## Work to complete
Drop every picture, then print the rest of the listing exactly as given.

## Information supplied
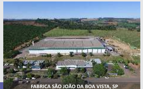
FABRICA SO JOO DA BOA VISTA, SP

Lnea de Cosechadoras de Forraje JF, la solucin para el ganadero!
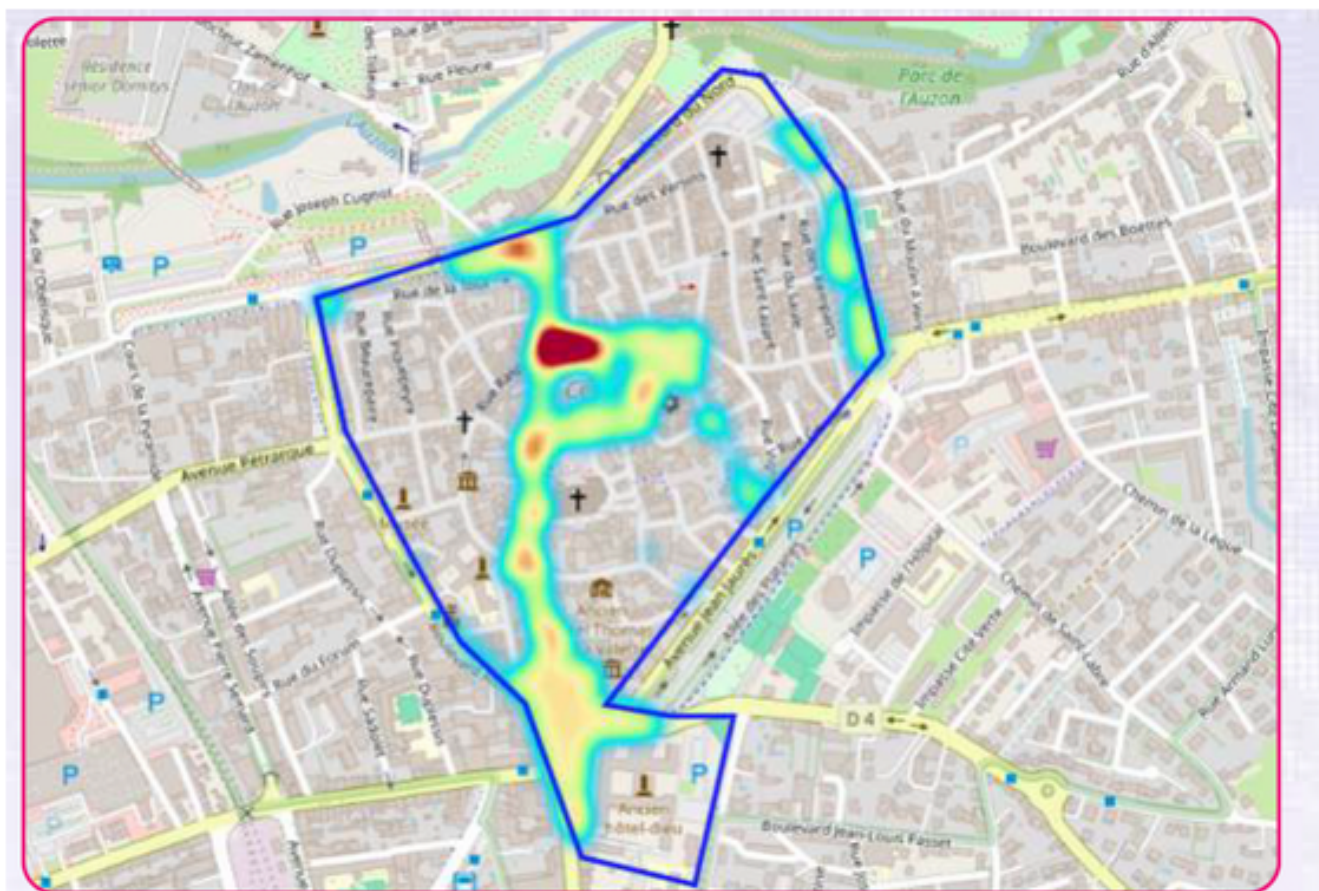
Carte de chaleur du centre ville de Carpentras sur la période du festival

Ecrit par Mireille Hurlin le 2 mars 2026

## Task answer
FABRICA SO JOO DA BOA VISTA, SP

Lnea de Cosechadoras de Forraje JF, la solucin para el ganadero!
Carte de chaleur du centre ville de Carpentras sur la période du festival

Ecrit par Mireille Hurlin le 2 mars 2026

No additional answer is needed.